SYMBOLE NATIONALISTE
Sur Facebook, un groupe intitulé « L’affiche officielle de la Marche des Fiertés parisienne 2011 est infecte », rassemblant à l’heure où nous écrivons ces lignes plus de 650 membres, critique vivement le visuel de l’affiche en ces termes: « Peut-être qu’à l’heure où Marine Le Pen fait des émules chez les LGBT, il convient que nous nous réapproprions les symboles nationalistes? […] Les poulets, ça se bouffe. Nous n’avons que faire de ce symbole républicain le jour de la Marche des fiertés. De quelle république s’agit-il? De celle qui nous refuse obstinément les mêmes droits qu’à tou-te-s? De celle qui expulse les sans-papiers malades? De celle qui persécute les putes? Qui laisse crever les prisonniers? Qui traque les usagers de drogue? Oups, pardon, c’est la même! Bref, cette affiche, en plus d’être moche, fait peur. Elle n’inspire qu’exclusion, nationaliste, souverainisme, racisme ».

Dans un communiqué, les LOCs, Lesbiennes of Colour, dénoncent « le caractère raciste et pétainiste » de l’affiche et demandent son retrait immédiat. « Pourquoi lier le patriotisme, le nationalisme, l’identité nationale… et, pourquoi pas, la « préférence nationale », aux espaces LGBT censés éviter des schémas et des discours d’oppression? », écrivent-elles.

D’après nos informations, l’affiche suscite également de vives critiques de la part de certaines associations au sein de l’Inter-LGBT qui organise l’événement et dont la commission marche se réunissait hier soir. Mais ce mercredi, Nicolas Gougain, son porte-parole, se veut rassurant au micro de Yagg: « Il y a toujours eu des débats, cela fait partie de la vie en inter-associative ». L’affiche sera remaniée à la marge, mais le visuel restera le même. Face à la bronca, il répond à nos questions.

Nicolas Gougain

Vous attendiez-vous à autant de réactions et notamment de réactions négatives? Oui. Dès le départ, on avait fait le choix d’une communication qui tranchait avec la communication habituelle. Sur Yagg et les autres réseaux sociaux, l’affiche est autant décriée qu’adulée. Elle fait débat, cela me semble important. Même s’il y a certaines façons de poser le débat qui m’interpellent. Notamment le lien avec l’idéologie frontiste ou un symbole qui serait la propriété du Front national. Un symbole de la république ou de la nation ne doit pas être la propriété de l’extrême droite ou de la droite extrême. Une partie des réactions sur Facebook ou sur Yagg, on les a eues parmi le jury d’associations de l’Inter-LGBT chargé de juger les propositions d’affiche.
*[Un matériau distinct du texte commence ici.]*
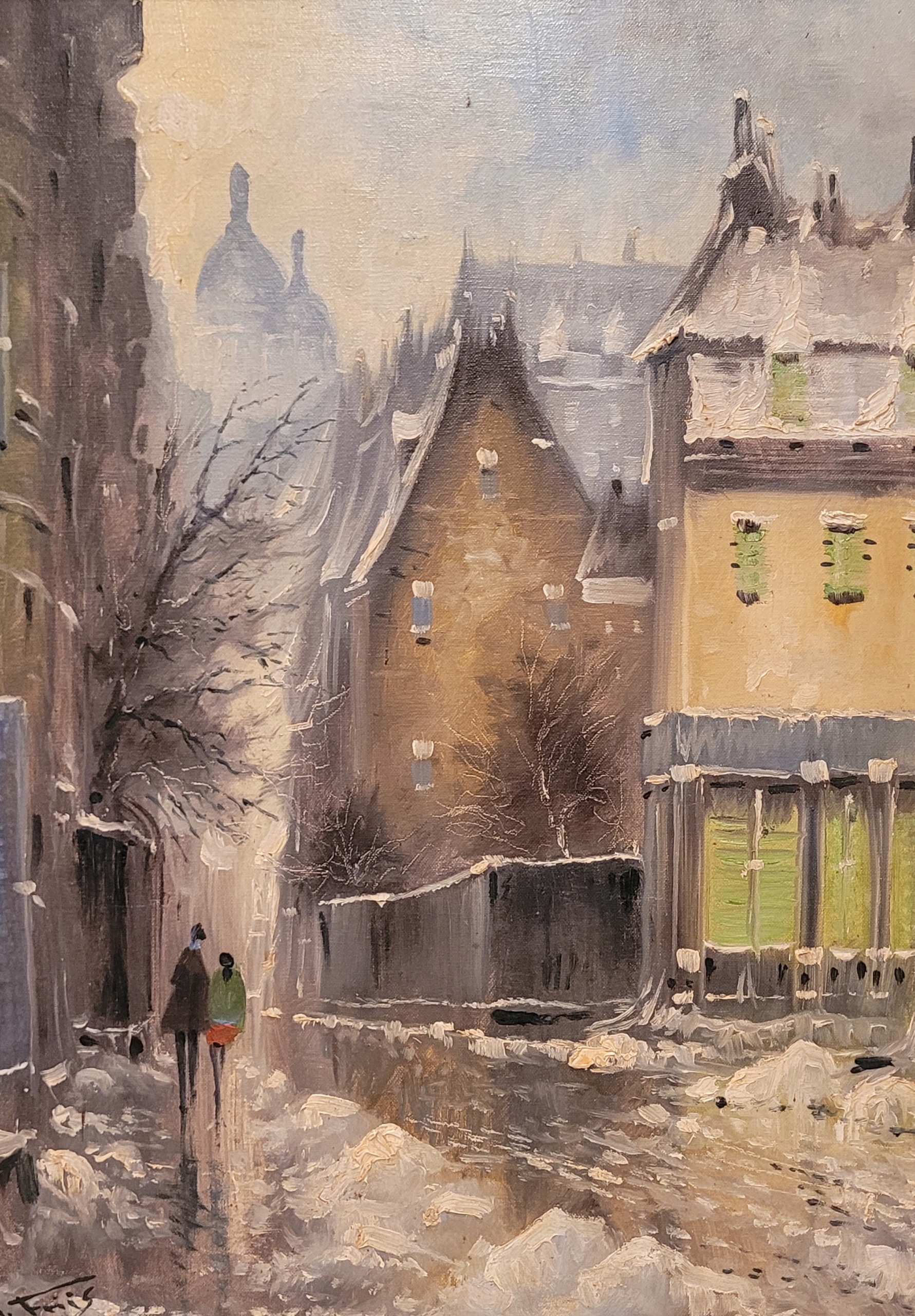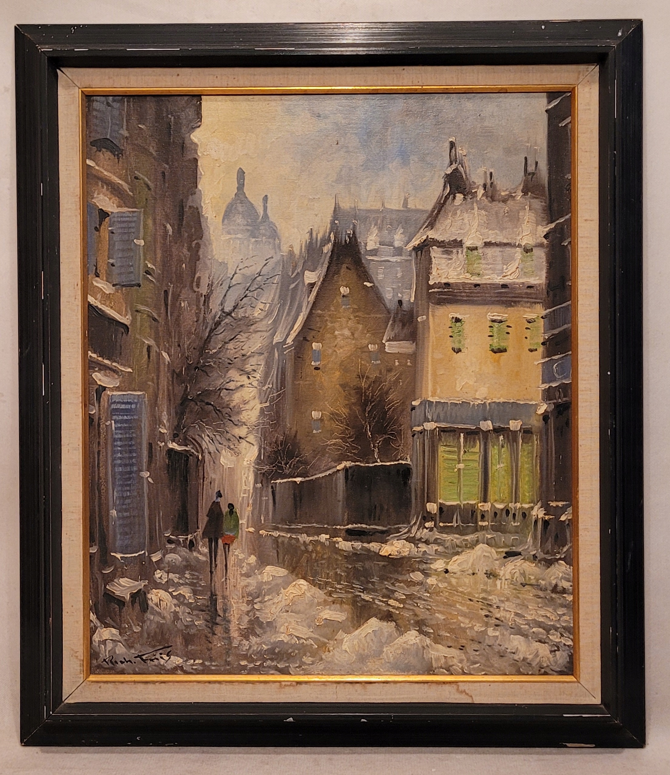 РИЧАРД ФРИИС ( 1924 - ) - "УЛИЧНАЯ СЦЕНА", прекрасная картина маслом.

Mais ce choix du coq, qui véhicule aussi une image machiste, une idée de la fierté qui n’est forcément celle que veulent faire passer les LGBT pendant la Marche, vous comprenez qu’il puisse choquer? Pour moi il fait référence à la ruralité, là où on renvoie généralement les LGBT à la ville. C’est un coq qui a un boa autour du cou, cela incarne la déconstruction du genre, on ne peut dire que ce coq soit viril. Détourner ce symbole pour mettre le focus sur l’égalité des droits et le fait que justement en France on est loin d’avoir l’égalité des droits pour les LGBT, c’était ça l’objectif de l’affiche au départ.

À qui s’adresse-t-elle? L’affiche ne fait jamais l’unanimité au sein de l’Inter-LGBT. C’est l’un des éléments de la communication autour de la Marche. On ne défile pas derrière une affiche, mais un mot d’ordre, inscrit sur une banderole. Elle est amenée à évoluer à la marge, je pense notamment à la taille du slogan, qui est certainement trop petite. Je pense que c’est un peu trop simple de dire qu’elle a vocation à incarner de manière systématique les LGBT. Elle est là aussi pour interpeller plus largement le public. Affiche ou pas affiche, je ne pense pas que cela modifie le nombre de participants à la Marche des fiertés. On voulait accrocher le regard pour qu’ensuite les gens se focalisent sur le mot d’ordre.

Les appels à organiser une contre-marche sur Facebook ont-il eu un écho particulier au sein de l’Inter-LGBT? Non pas du tout. Les associations de l’Inter-LGBT sont très attachées à la Marche. Il faut faire la part des choses. Si on s’interroge légitimement chaque année sur le rôle et le sens de la Marche, sa perception par le grand public et les LGBT, pour autant, chaque année, il y a toujours les mêmes débats, à l’extérieur de l’Inter-LGBT d’ailleurs, autour de la création d’une contre-marche, etc. Cette affaire de l’affiche sert à les relancer.